‘Faster and Cheaper’: Two Navy Officials Share Vision of All-Digital Development, Testing and Acquisition of Weapons and Systems

Greater use of digital technology in developing, testing and acquiring new weapons and systems can produce the new capabilities the sea services need to match emerging peer competitors and do so “faster and cheaper,” two senior U.S. Navy officials said Nov. 20.

Digital modeling and simulation, virtual testing and combined live tests at sea or in the field can more quickly evaluate the capabilities of proposed systems while gaining valuable feedback from the warfighters, said William Bray, deputy assistant Navy secretary for research, development, test and evaluation.

A “digital transformation” to substitute computers for stacks of paper documents could reduce the time needed to take a proposed new capability from conception to full operational capability by at least half, added Garry Newton, the civilian deputy commander at Naval Air System Command.

The two officials were among a host of program officials, engineers and other procurement experts who attended a conference on model-based systems engineering staged by the American Society of Naval Engineers and described the increasing use of digitized information and processes in weapons development and sustainment.

Bray said the new National Security Strategy made it clear that “we are facing peer competitors and we have to focus on technology … and how to deliver that capability,” he said.
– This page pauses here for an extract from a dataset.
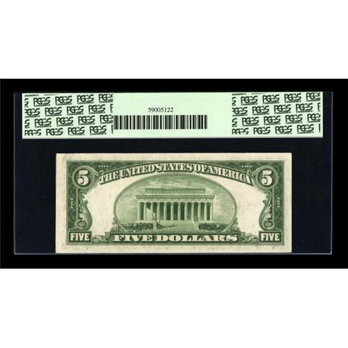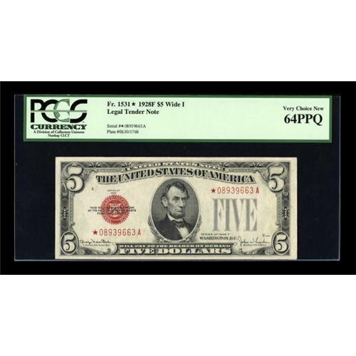 <B>Fr. 1531* $5 1928F Wide I Legal Tender Note. PCGS Very Choice New 64PPQ.</B></I><BR> Treasury Seal embossing and rolling paper wave is viewed through the third-party holder.<BR><I>From The Drew Keough Collection</B></I><BR><BR><b>Shipping:</b> Coins & Currency (<a target="_blank" href="http://www.heritageauctions.com/common/shipping.php">view shipping information</a>)
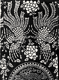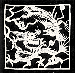 元代瓷器装饰成熟,凤纹的种种表现都富有艺术性,有些形象随手画来,浓淡得宜,明快流畅。 到了明清时期,凤纹装饰已经成为一种特定的造形,无论在圆形、方形或各种各样的装饰形体内,纹样构成都各具其内在形式,而凤纹的共性形态,也进一步规范化。其中,如明清的「团凤」图案,最是独具一格的饰模式,它与织物上的「团花」。器物上的「开圆」相配适,表现出特有的装饰风格。当年南京织造云锦的老艺人,在长期的实践设计中,总结出一套画凤口诀:「凤有三长,眼长、腿长、尾长。」,并要「首如锦鸡,头如藤云,翅如仙鹤」。这代表了明清工艺美术品上凤鸟纹样的成熟的装饰特征(插图三九)明清装饰艺术的最富有生气的作品,就是大量的民间工艺品。民间的蓝印花布、刺绣、挑花;民间木雕、石雕、砖雕和民间剪纸等作品中,形式感更加强烈,手法也更为丰富多样(插图四○、四一、四二、四三、四四、四五、四六、四七)

Part of the drive to field weapons “faster and cheaper” involves “digitizing all facets of the work” and developing a “digital blueprint” for proposed systems that can be shared among defense acquisition officials and industry, Bray said. Greater use of modeling and simulation and virtual testing, combined with live testing of prototypes, also “will drive down [the] cost” of new weapons, he said.

Newton showed a video contrasting engineers and acquisition officials struggling through huge stacks of paper documents to process a proposed system with a similar group using only computer-generated information. The old system takes 15 to 20 years to produce a new weapon system, while “our competitors are doing it in five,” he said. Doing more of the system engineering digitally could cut the developmental process by 50% and, possibly, by 75%, “if we go at it really hard,” Newton said.

He cited a recent program to update F/A-18 Super Hornets in which NAVAIR put the proposal to a contractor digitally, told the contractor what the Navy was willing to pay and signed the contract — all without using a single piece of paper.

Efforts to adapt digitally are “past the technology problems” but now must overcome the “cultural problems, helping our people use the new tools,” Newton said.